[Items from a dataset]
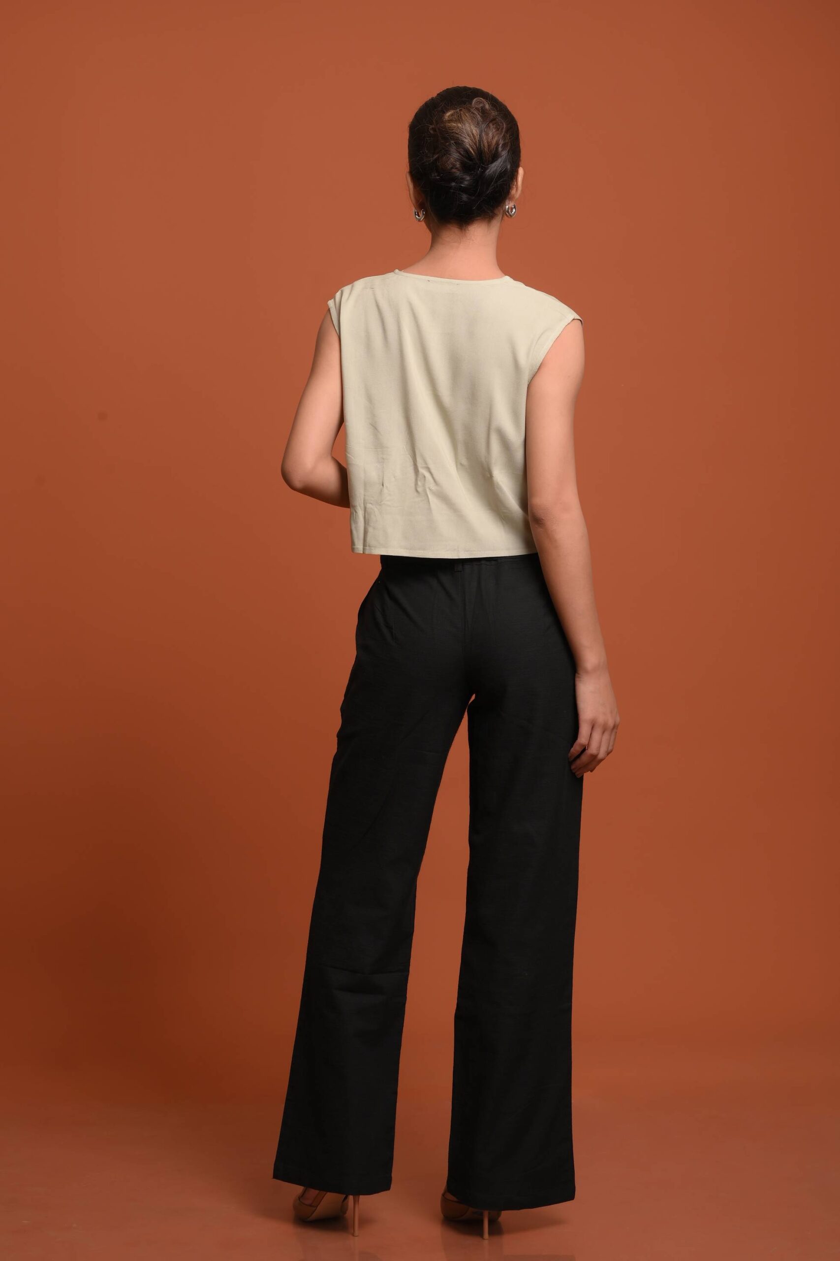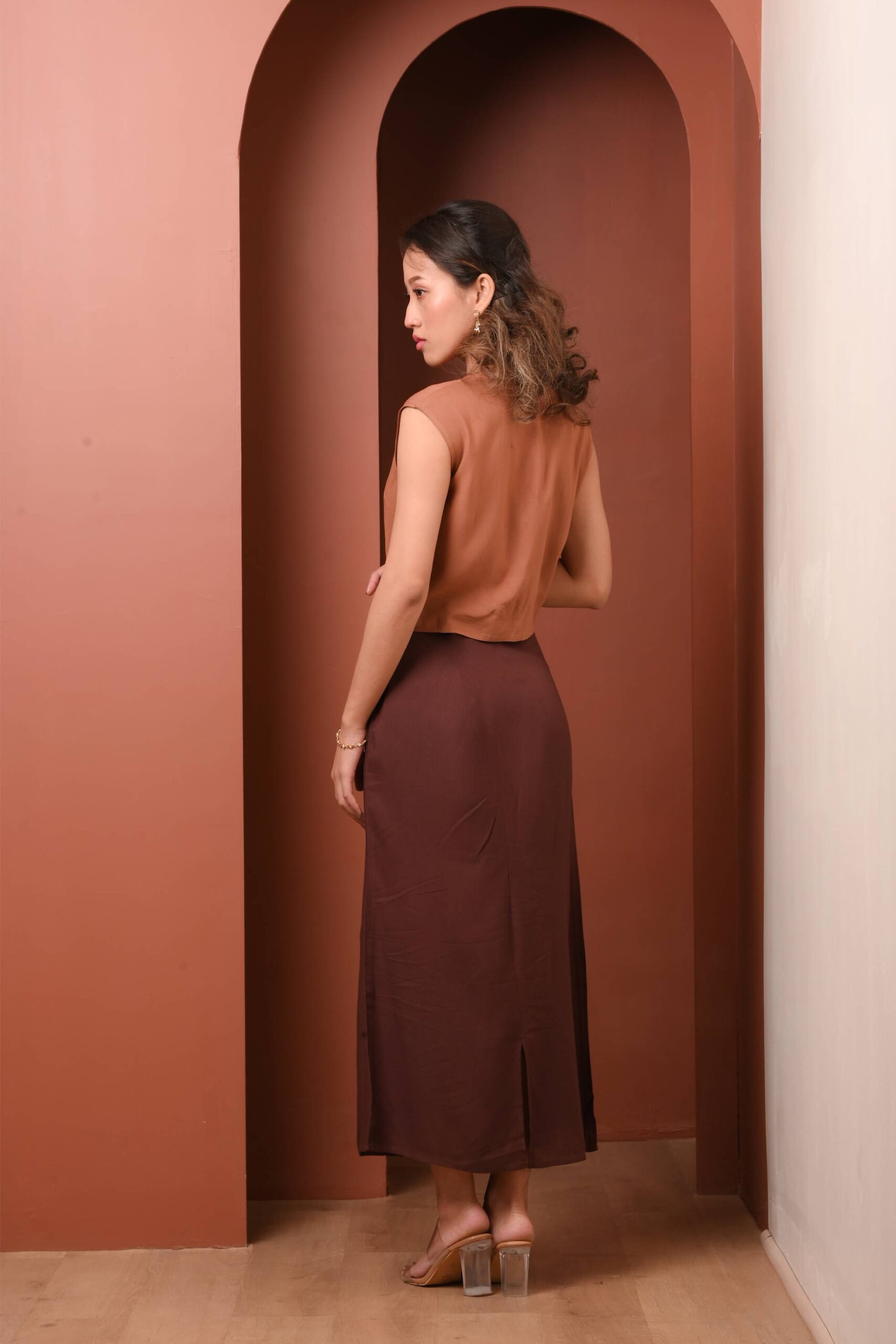 Crafted entirely in fluid viscose, the top features a V-neckline with a subtle plunge and contour seams, shaping the bodice visually while maintaining a light, effortless drape.
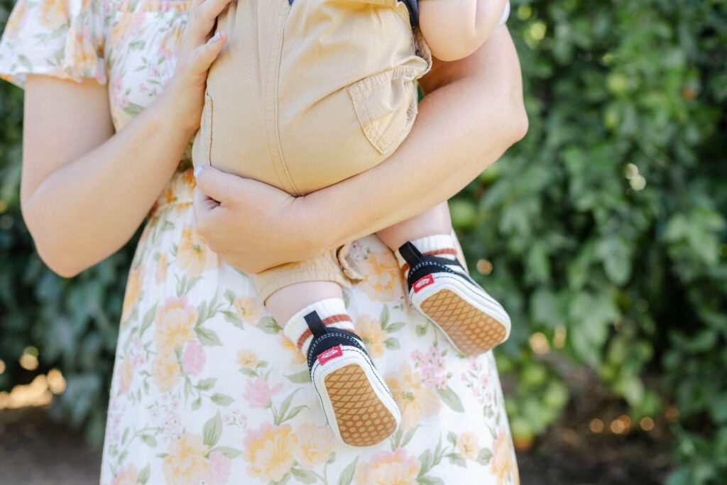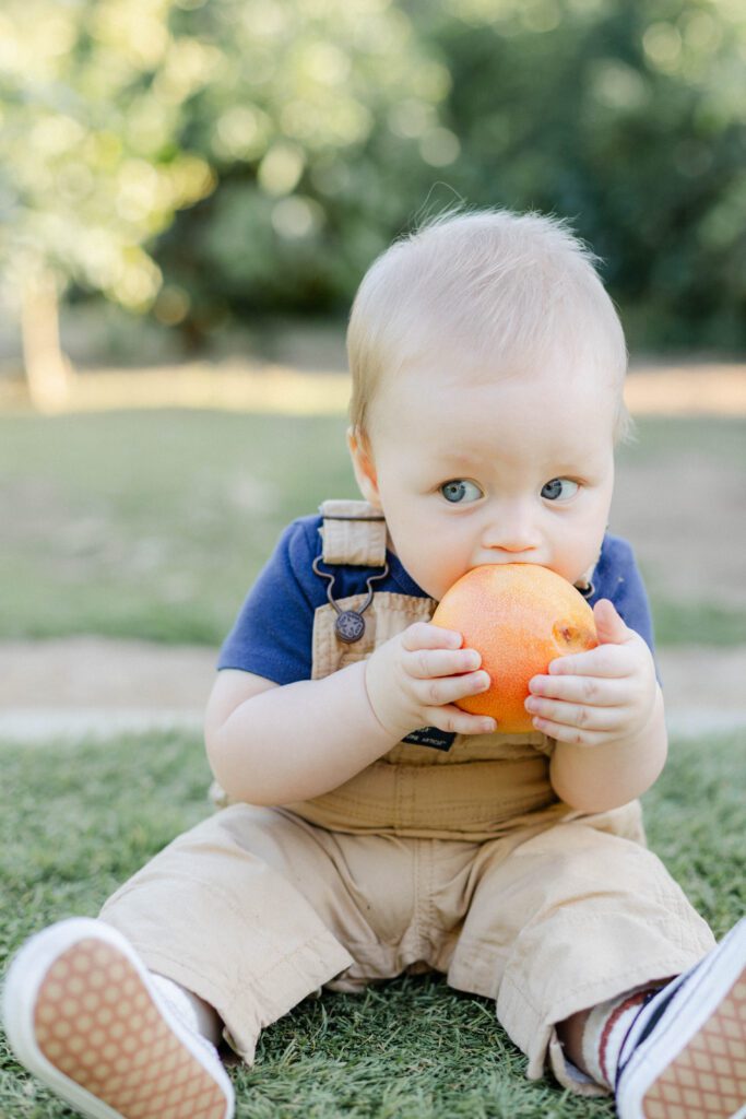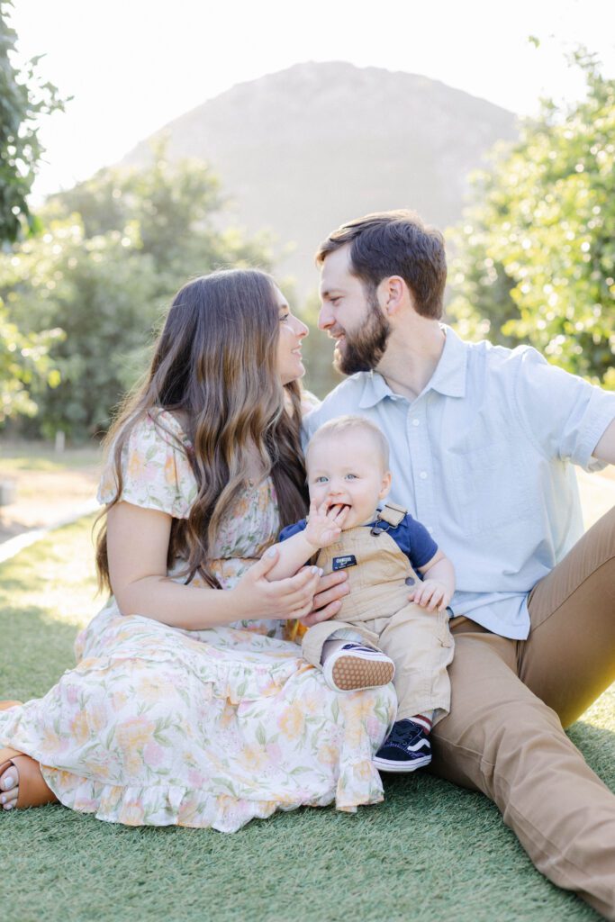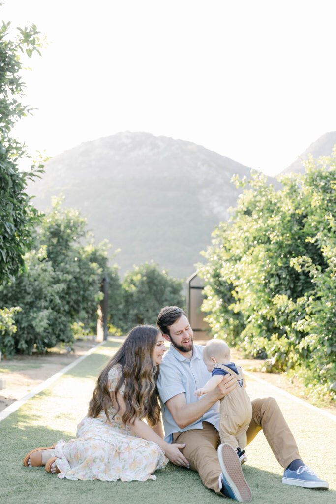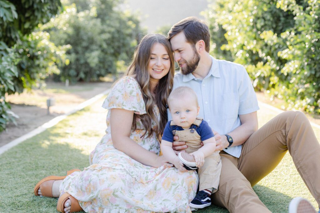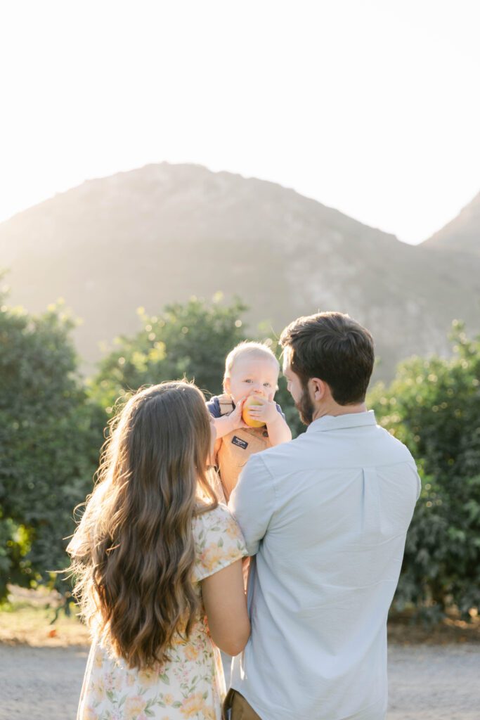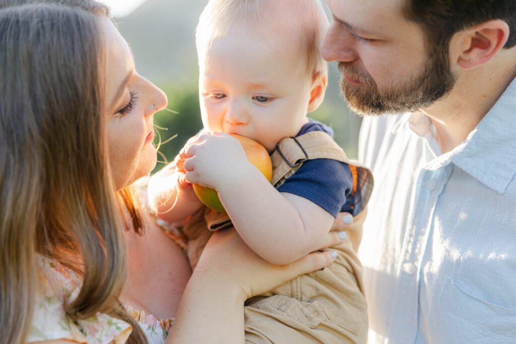 The images from this session feel timeless. There are classic portraits, yes, but also storytelling images that pull you right into the moment: the three of them walking near the same grove they once stood beside as newlyweds, N chomping on a grapefruit that fell in the orchard, mom and dad pressing a soft kiss on their son’s head while N’s favorite song played in the background.
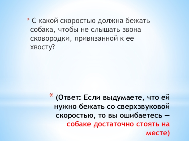 С какой скоростью должна бежать собака, чтобы не слышать звона сковородки, привязанной к ее хвосту?
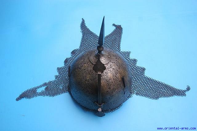 This steel helmet is of Persian origin, Qajar period, second half of the 19 C. probably 1870 or about. The entire surface of the helmet is finely chiseled and inlaid with gold and silver koftgari work. Diameter 7 ½ inches, height 11 inches (helmet bottom to pike tip). Very good condition. Minor losses to the koftgari work and small areas of damage to the mail. Very reasonable price. |
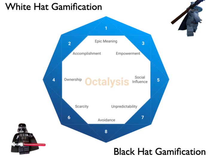 Distinção do framework Octalysis entre White Hat e Black Hat.
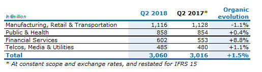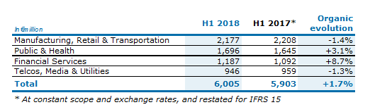 Thierry Breton, Chairman and CEO said: “During the first half of the year we confirmed a strong commercial dynamic consolidating our strategy to accompany our customers all along their digital transformation. By leveraging the strengths of all our Divisions in our Digital Transformation Factory, we signed very large transformation contracts translating in a strong book to bill ratio in each Division and 117% for the Group. The commercial activity was particularly high in North America in Q2 with a book to bill ratio at 190%. In the meantime we continued to closely monitor our operational efficiency, improving the Group profitability and increasing EPS by circa 8 %. In this context, we confirm all our objectives for 2018 towards our 2019 Ambition.
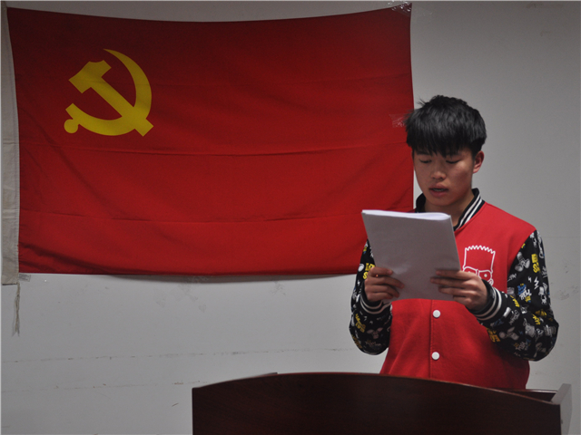 大会在庄严的国歌中拉开帷幕。会议主要讨论耿强、黄政瑜两位同志成为预备党员的问题。在会议中,发展对象首先宣读了他们的入党志愿书,汇报自己对党的认识、入党动机、本人履历及需要向党组织说明的问题,随后由支委会报告对申请人审议的情况,并由与会人员对申请人能否入党进行充分讨论。在讨论过程中,同志们实事求是,对发展对象的学习、工作、生活等各方面予以了肯定,并给出自己的建议。接下来由出席会议的具有表决权的正式党员就发展对象能否发展成为预备党员的问题进行表决,两位同志均全票通过。随后,由支委会宣读申请人成为预备党员的决议。各位申请人耐心听取并虚心接受同志们提出的建议,秉承有则改之,无则加勉的原则,表明了自己的态度,并提出了自己的目标和改进方向。两位同志在深刻剖析自身不足之后,还在会上向为自己指出不足的同志表达了感谢。会议最后,本科生第三党支部书记蔡银莲对新党员的加入表示了热烈的欢迎,向两位新预备党员颁发了党徽并对他们提出了要求,希望他们能够在平时的生活中注意自己的言行举止,以高标准严格要求自己,在群众中起先锋带头作用,并时刻加强对理论知识的学习。

Problem requirements: Please leave out the pictures as you reproduce the lines exactly, from the first line of the entries through the line containing "Distinção do framework".

Response area:
 Crafted entirely in fluid viscose, the top features a V-neckline with a subtle plunge and contour seams, shaping the bodice visually while maintaining a light, effortless drape.
 The images from this session feel timeless. There are classic portraits, yes, but also storytelling images that pull you right into the moment: the three of them walking near the same grove they once stood beside as newlyweds, N chomping on a grapefruit that fell in the orchard, mom and dad pressing a soft kiss on their son’s head while N’s favorite song played in the background.
 С какой скоростью должна бежать собака, чтобы не слышать звона сковородки, привязанной к ее хвосту?
 This steel helmet is of Persian origin, Qajar period, second half of the 19 C. probably 1870 or about. The entire surface of the helmet is finely chiseled and inlaid with gold and silver koftgari work. Diameter 7 ½ inches, height 11 inches (helmet bottom to pike tip). Very good condition. Minor losses to the koftgari work and small areas of damage to the mail. Very reasonable price. |
 Distinção do framework Octalysis entre White Hat e Black Hat.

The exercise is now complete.